*THE RECORDS*:
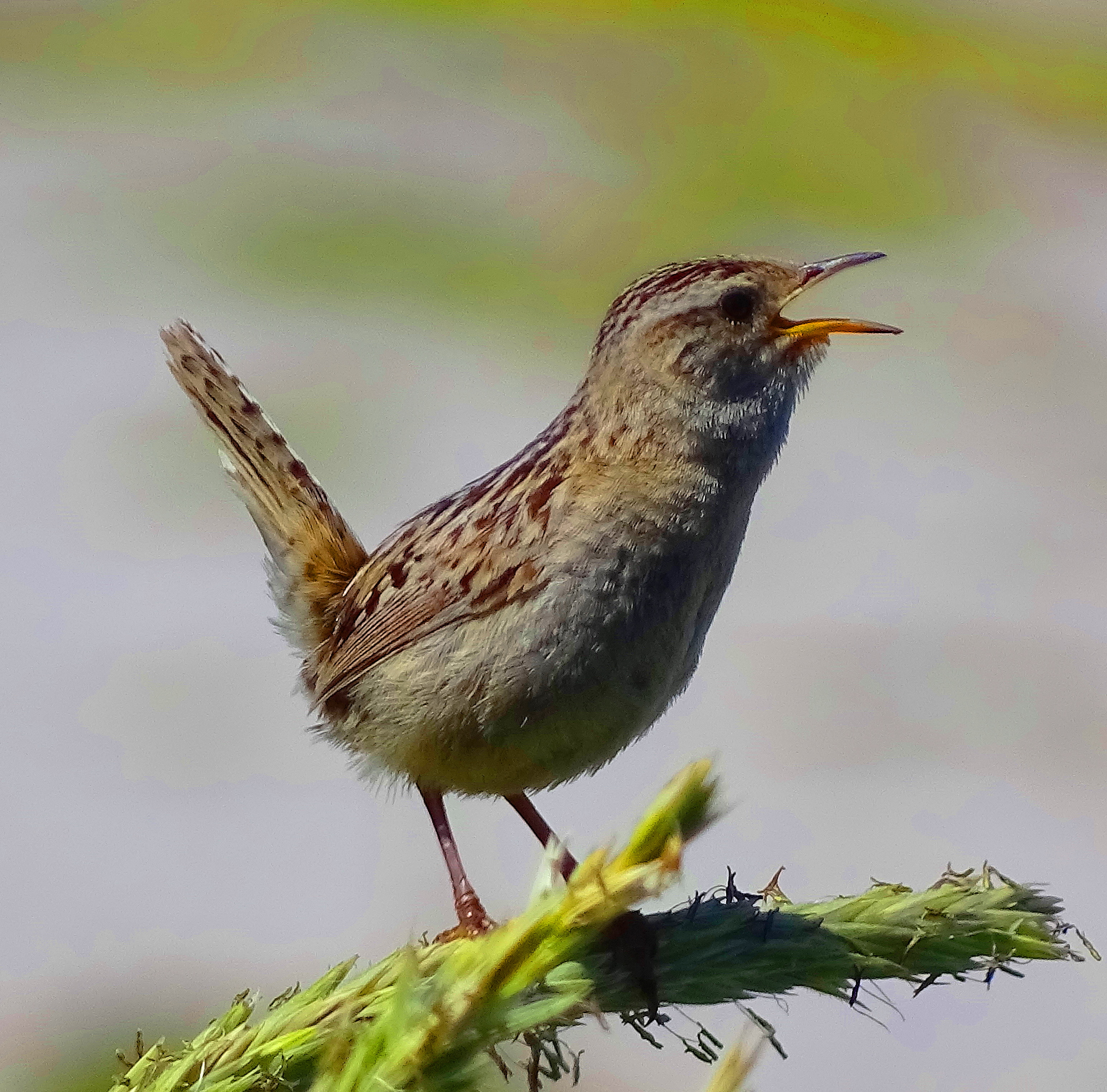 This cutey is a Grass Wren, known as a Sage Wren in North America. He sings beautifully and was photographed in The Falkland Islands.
--
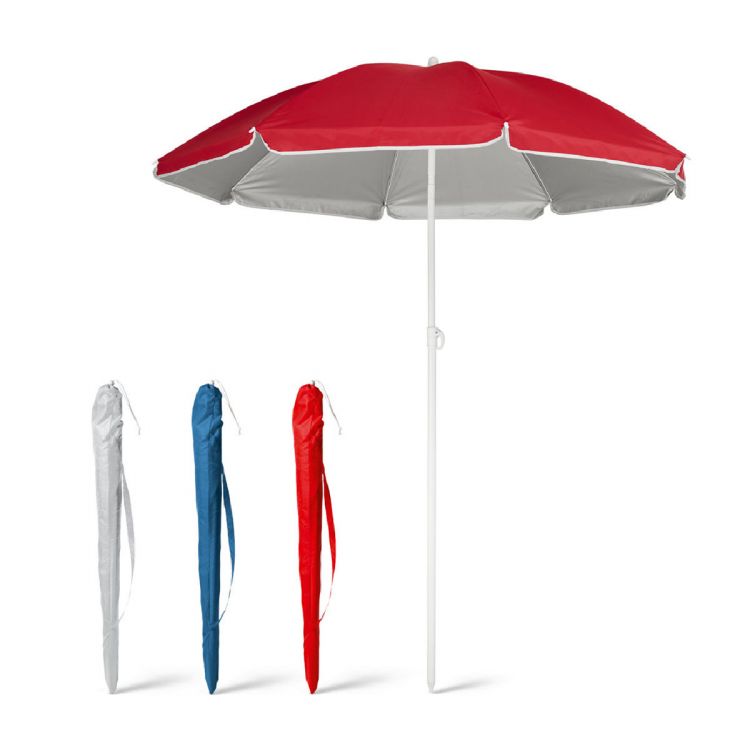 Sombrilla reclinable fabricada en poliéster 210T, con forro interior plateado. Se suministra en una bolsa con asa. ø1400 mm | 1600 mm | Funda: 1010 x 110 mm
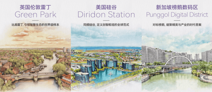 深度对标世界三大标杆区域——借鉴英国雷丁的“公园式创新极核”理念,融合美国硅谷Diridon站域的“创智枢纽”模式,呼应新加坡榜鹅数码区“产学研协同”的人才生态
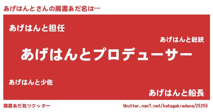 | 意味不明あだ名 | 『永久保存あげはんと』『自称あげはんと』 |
---
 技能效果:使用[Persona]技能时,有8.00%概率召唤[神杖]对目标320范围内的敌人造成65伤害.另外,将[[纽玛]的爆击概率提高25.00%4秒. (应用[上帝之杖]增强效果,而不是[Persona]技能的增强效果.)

*WORK TO BE COMPLETED*:
Reproduce exactly the lines of the data above that run from the line with "深度对标世界三大标杆区域——" down to the line with "意味不明あだ名 | 『永久保存あげはんと』『自称あげはんと』 |", both ends included. Pictures do not belong in the copy.

*RESPONSE TO THIS TASK*:
 深度对标世界三大标杆区域——借鉴英国雷丁的“公园式创新极核”理念,融合美国硅谷Diridon站域的“创智枢纽”模式,呼应新加坡榜鹅数码区“产学研协同”的人才生态
 | 意味不明あだ名 | 『永久保存あげはんと』『自称あげはんと』 |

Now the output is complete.